Очень Ваш Гаккебуш зол2. Стоит?

Вчера перечитал вновь Ваши стихи в «Р<усской> мысли»3. Очень хорошо. Жалко, если не выполните намерения и не издадите осенью сборника. Там стихи должны найти отклик, в особенности теперь, когда Россия начинает заслуживать высокий и духовный чин — в войне побеждаемого.

Что ж, великий молчальник, пишите чаще. Очень рад всегда письмам Вашим. М. б. скорее увидимся.

Ваш Ленивец.

1 По-видимому, одно из прозвищ Маревны: она приехала к Волошину в Биарриц, где он отдыхал на даче Цетлиных.

2 Гаккебуш М. М. (1847—1929) — редактор газеты «Биржевые ведомости».

3 В «Русской мысли» N 4 за 1915 год были напечатаны стихи Волошина «Над полями Альзаса», «В эти дни», «Посев», «Париж», «Реймская богоматерь» и др., вошедшие затем в книгу «Anno mundi ardentis 1915».

Из Эзра в Биарриц. 1 сентября 1915.

Большое спасибо за стихи. Они мне очень близки и дороги. Все это приходило не раз. В особенности хороша середина, напор причитаний и побоев, здесь все мысленные начала и концы — преображено в настоящее. Больше всего поразило и подействовало на меня слово «хозяин» — оно здесь страшно сильно и как-то значительно1. Почему прислали всего одно? Пришлете другие? Много ли пишете?

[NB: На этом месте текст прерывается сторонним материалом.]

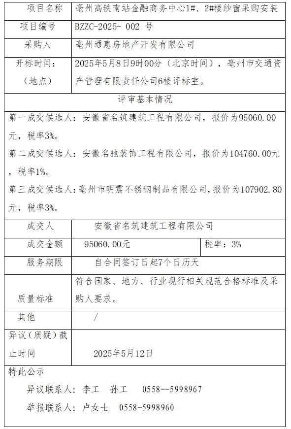 亳州高鐵南站金融商務(wù)中心1#、2#樓紗窗采購安裝成交結(jié)果公示

Русские газеты оставляют на меня все более впечатление страшное и непонятное. Рядом с известиями, вроде след(ующих): что два уезда со скотом, тщетно ища пастбища и воды, шли месяц от Холма до Кобрина или что еврейские «выселенцы» в так наз(ываемых) «блуждающих» поездах два месяца ездят от станции на станцию, п. ч. их нигде не принимают (часть послана в город Перекоп в Крыму) — бега, скоро открываются театры, какое-то издательство выпускает поэзы Игоря Северянина на «папье Лиоппе»2 (так напечатано) в 100 экз. по 10 целковый каждый, а «Универсальная библиотека» распространяет «Битву при Триполи, пережитую и воспетую Маринетти, под редакцией и в переводе Вадима Шершеневича». Что ж все? Реми-зовщина? И смиренность Руси не кажется ли минутами каким-то сладким половым извращением, чем-то вроде мазохизма?

Я со дня на день жду денег и, ежели получу достаточную сумму, укачу в Париж. Там Дилевский, верно, собирается «через несколько дней» сюда. Что и где Маревна?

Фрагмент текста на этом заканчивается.